Greetings "Our Old House" Friends,
Basement flooding happened once during the construction phase of our old house and once later on. An inordinate amount of rain and the water rose through the floor, which is simply bricks on dirt. Both times we spent hours bucketing and sloping out water to save the furnace and whatever else was in the basement. Thus in March of 2016, we began the work to install an interior french drain and, temporarily, a sump pump in the corner. The plan is to dig a ditch from the back of the house to the bank, which slopes away to Swampoodle. Then gravity, instead of the sump pump, can take care of any excess water and we’ll never have another sleepless night. So that meant digging and renting a jack hammer to work our way around the outside of the basement area that is beneath the dining room and family room. This area is dug out lower than the glorified crawl space under the living room, which may also need similar treatment.
Jack hammering the bedrock shale.
At least this corner of the house is built on solid rock!

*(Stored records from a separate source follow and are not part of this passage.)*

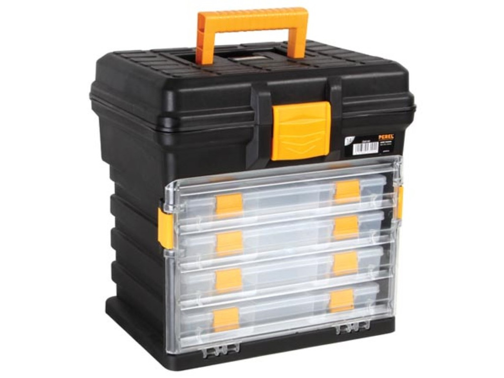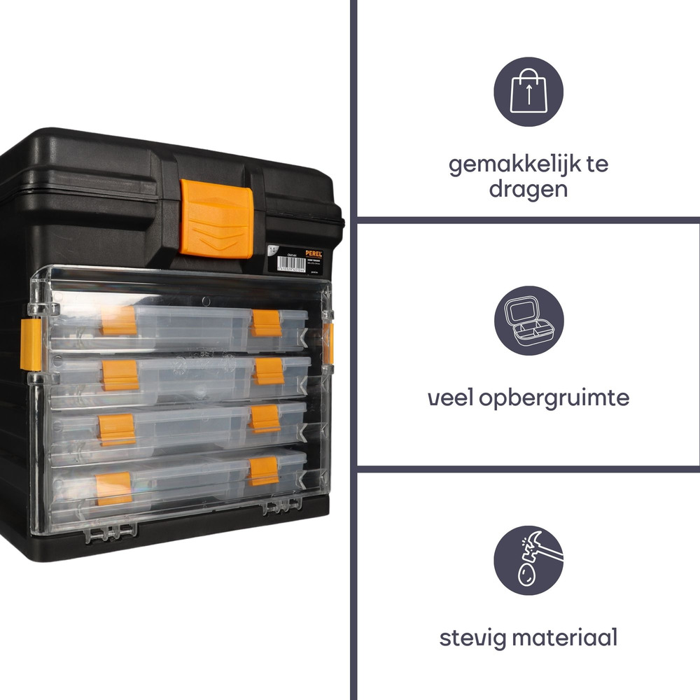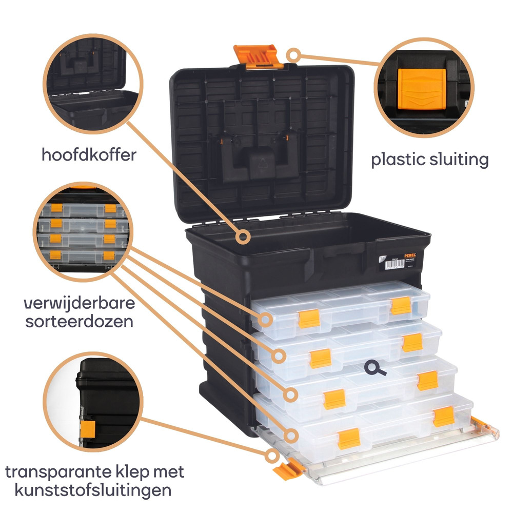 Experience the convenience of the 14" Opbergkoffer by Perel, measuring 340 x 272 x 341 mm with a 31.5 L capacity. This practical storage solution features four extendable and removable transparent sorting boxes, making organization a breeze.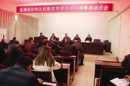 縣規(guī)劃辦傳達(dá)縣脫貧攻堅(jiān)自評問題整改動員會。 (記者 付永奇 通訊員 莊正富 攝)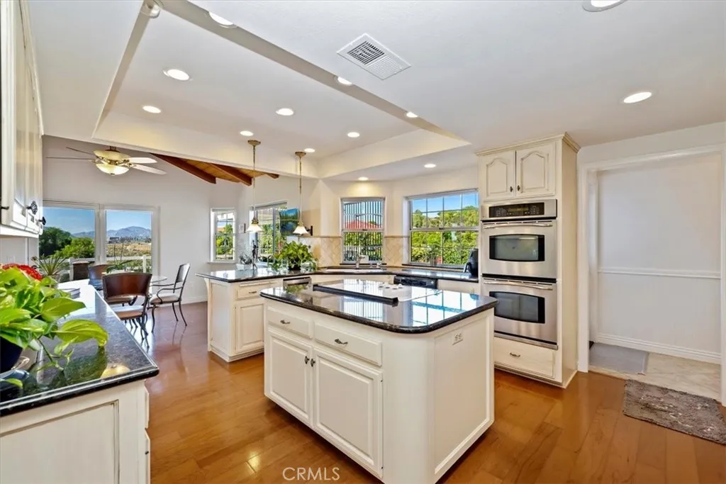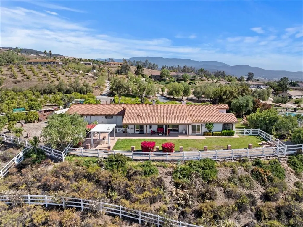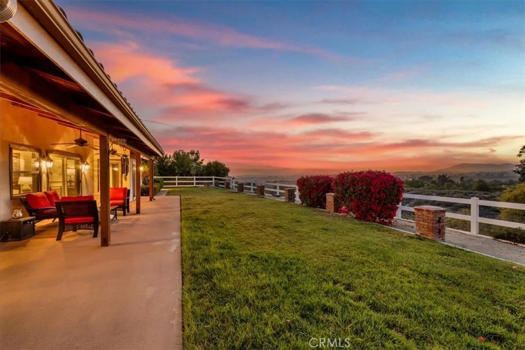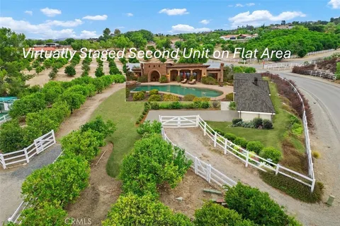 ***Build a second unit fully private from the main house with its own street access on this all-usable, flat view property in the heart of Temecula's prestigious GlenOak Hills community!*** Welcome to this stunning single-story estate, freshly painted and beautifully maintained, offering panoramic 360-degree views of Wine Country, the mountains, breathtaking sunsets, and twinkling city lights. Perfectly positioned on a prime corner lot, this gated and fully fenced 2.21-acre property combines luxury, privacy, and flexibility. Inside, you'll find a bright, open floor plan designed for both elegant entertaining and comfortable living. The home features a formal dining room, a spacious living room with a fireplace, and a dramatic family room with a floor-to-ceiling brick fireplace and a custom wet bar. Every room offers sweeping views and the sight of hot-air balloons drifting above the vineyards in the morning. Kitchen showcases hand-finished oak cabinetry, granite countertops, stainless steel appliances (including a brand-new refrigerator), a wine cooler refrigerator, a large dining nook, and a walk-in pantry. Hickory hardwood flooring adds warmth and sophistication throughout the main living areas. The primary suite is a private retreat with French doors opening to the patio and Wine Country views. The spa-style bathroom features a soaking tub, travertine finishes, and a generous walk-in closet. Secondary bathrooms are equally luxurious, featuring travertine tile, designer glass enclosures, and granite countertops. Outside, the possibilities are endless. The flat, fully usable land is ideal for a second dwelling or an ADU, pool, vineyard, and horses. Multiple gated access points and RV hookups with 50-amp power provide exceptional flexibility. The oversized 3-car garage, which has one finished bay with vinyl flooring, cabinetry, and A/C, is perfect for a home gym or office and can be easily converted to a Junior Dwelling Unit with its own entrance. Enjoy mature fruit trees, low HOA fees, and a low property tax area. GlenOak Hills offers residents two tennis courts, a clubhouse, horse arena, and children's playground. Minutes from Temecula's finest wineries along the De Portola Wine Trail, including Leoness, Altisima, Fazeli, and Renzoni. A rare combination of views, usability, and luxury. This property must be seen to be truly appreciated.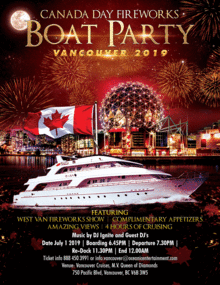 Vancouver Party Cruises Presents Canada Day Fireworks Boat Party 2019. Celebrate Canada Day and join the biggest party on Vancouvers Biggest Boat Cruise. Party like never before on our Floating Night Club and Enjoy West Vancouver Fireworks Show, Complimentary Appetizers, Amazing Views and much more!! We got some of the hottest DJz playing top 40, Hip Hop, Rap, Reggaeton, Throwbacks and Much More!!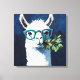 Playful twist to cute animal art and humor with a quirky white llama rocking teal glasses and holding a leafy branch.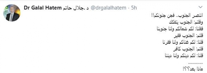 وقال في تغريدة عبر "تويتر" رصدها "المشهد العربي": "انتصر الجنوب.. فجن جنونكم!! وقلتم: الجنوب يتفكك.. فقلنا: لكم شمالكم ولنا جنوبنا.. قلتم: الجنوب فقير.. قلنا: لكم غناكم ولنا فقرنا.. قلتم: الجنوب كافر.. قلنا: لكم دينكم ولنا ديننا.. فماذا بعد؟".

A true test of the slope of the ditch. A couple more inches of water
and the sump pump will kick on!
The old terra cotta drain pipe, that went into the yard, has clogged.

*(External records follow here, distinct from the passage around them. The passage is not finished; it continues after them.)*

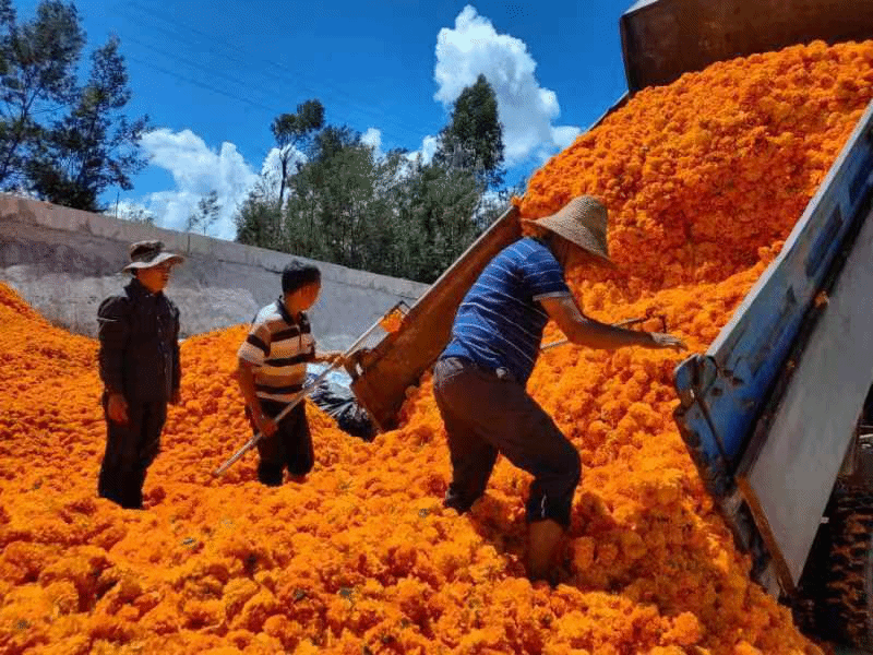 万寿菊是一年生草本植物,含有丰富的叶黄素,能够延缓老年人因黄斑退化而引起的视力退化和失明症,以及因机体衰老引发的心血管硬化、冠心病和肿瘤疾病。万寿菊提炼出的叶黄素,还广泛应用于眼药水、化妆用品的绿色添加剂,市场前景广阔。在种植基地里,连片的万寿菊迎风摇曳,村民们正忙着采摘成熟的花朵,田间地头处处洋溢着丰收的喜悦。万寿菊因其种植成本低、难度小、抗风险能力强等特点,深受当地农户青睐。相比传统玉米种植,万寿菊的收益高出3倍,在提升群众收入的同时,也极大地美化了乡村环境,兼具经济效益与生态效益。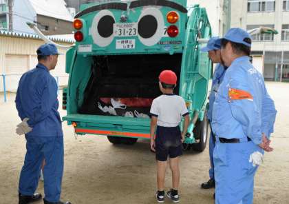 写真上はパッカー車を動かしているところです。ごみを押しつぶし、一度にたくさんのごみを運べるパッカー車にとても驚いていました。写真中は映像を見せてもらいながら地球の温暖化など環境問題について学習しているところです。写真下はクイズ形式でごみの分別を体験しているところです。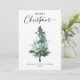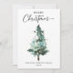 Desee a sus amigos o familia una Feliz Navidad con este elegante y minimalista árbol de navidad de invierno de color agua rodeado de fragmentos de la tarjeta de Navidades purpurinas de oro. La tarjeta plana está colocada sobre un fondo blanco que representa la nieve blanca y nítida y el dorso de la tarjeta está en un verde bosque inspirado en la naturaleza. La tarjeta se puede personalizar con la inclusión del nombre de su familia y el otro texto de diseño se puede mantener tal cual, editar o borrar.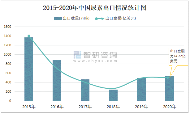 2015-2020年中國尿素出口情況統(tǒng)計圖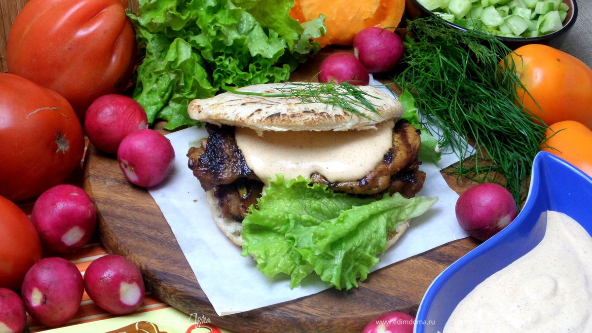 В зимние каникулы много интересных дел, и хочется быстро перекусить. Держим для этого питы в морозилке, разогреваем в духовке и подаем с аппетитной курочкой (можно приготовить на открытом воздухе). А майонезный соус добавит пикантности. Готовили с сыном по его вкусу.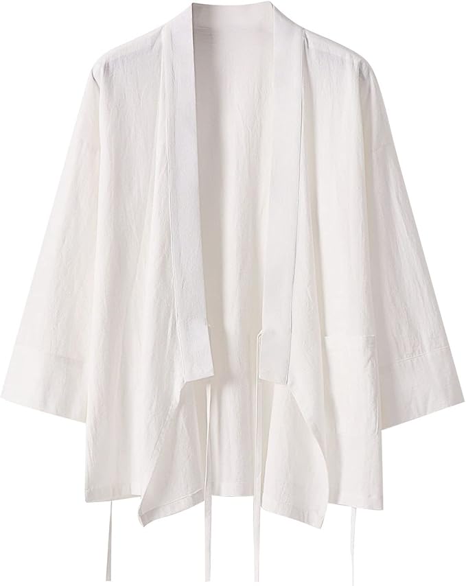 Men's Cotton Linen Shirt Summer Kimono Cardigan Japanese Jackets Casual Cotton Open Front Lightweight Linen Yukata for Men

Now we need a new one deeper in the ground.
Along the way we discovered that we were getting some water from the terra cotta sewer pipe–this is really not good. We were also getting ground water coming in alongside the pipe as water follows the easiest path. In this case it was right into our basement. Here’s one time it was good to have bricks laid without mortar on a dirt floor. We were able to replace the terra cotta with schedule 40 PVC waste line to the edge of the foundation.
Goodbye old terra cotta.
New PVC waste lines.
Then things got interesting. Do we dig up the front yard? Or can we reline the existing terra cotta? We were lucky that the camera inspection showed only some minor root balls and no break downs of the pipe. We had a crew come in and install a fiberglass liner, working from in the basement, without any disturbance to the yard or that new sidewalk we’d just put in. Worth every penny!!
Summer projects included building trellises that went between the property line fence posts we’d kept when we sold the white plastic fencing. Again ChrisAnn designs something that is just a little bit out of the ordinary, picking up on a theme in the octagon front window and a pattern you may see in the skirting we put under the porch and deck. The trellises are made from treated furring strips and the skirting is a simple pattern on the edge of 1” treated lumber.

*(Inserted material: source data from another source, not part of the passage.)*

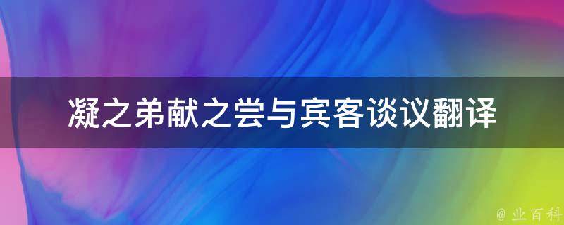 最佳答案凝之弟献之尝与宾客谈议翻译是:王凝之的弟弟王献之曾经与客人讨论切磋问题。凝之弟献之尝与宾客谈议里的尝是曾经的意思。此句出自《王凝之妻谢氏传》:凝之弟献之尝与宾客谈议,词理将屈,道韫遣婢白献之曰:欲为小郎解围。乃施青绫步鄣自蔽,申献之前议,客不能屈。翻译过来的意思是:王凝之的弟...
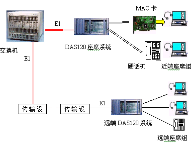 見下圖:DAS120主機(jī)通過4個(gè)E1接口與交換機(jī)直接連接,可方便地實(shí)現(xiàn)本地座席接入。遠(yuǎn)端分布式接入則需要通過傳輸設(shè)備,它們可為光纖,微波,HDSL等。終端可為座席卡和電話機(jī)。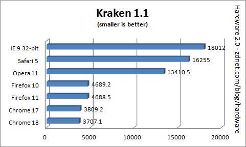 Kraken (en ms, menor es mejor): Otro benchmark JavaScript basado en el SunSpider pero con mejoras. Desarrollado por Mozilla, los resultados pueden favorecer a Firefox aunque el mejor sigue siendo Chrome con la versión 18 mejorando aún más los resultados de Chrome 17.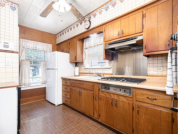 MOTIVATED SELLER!! A must see! Solid home owned by the same family for nearly 100 years. Main level bedroom and additional 3-4 bedrooms upstairs. Main level Family room with wood burning fireplace & formal dining room area. Large Enclosed Cedar Front Porch. Real Hardwood Floors throughout. Main level full bathroom recently updated. Finished Cedar Basement with large family room, bathroom & laundry room. Separate Entrance to home offers potential for related living. Upstairs has hook-ups for additional kitchen/washer-dryer. Ceiling fans throughout. Spacious 2 car detached garage & Yard is 3/4 fenced. ADT home security system.

In the summer Pastor Alex visited from Malawi, Africa. He was very interested in ChrisAnn’s garden. We built compost bins to enable us to recycle yard, garden and some kitchen waste without having it blow around the neighborhood. When the neighbors asked what we were up to now, ChrisAnn’s stock response became, “Those are our sheep pens!” Laugh not, now someone in downtown Harmony is keeping llamas! What she really wants is a donkey. Hee Haw!
Visiting with Pastor Alex. The compost bins are to the right.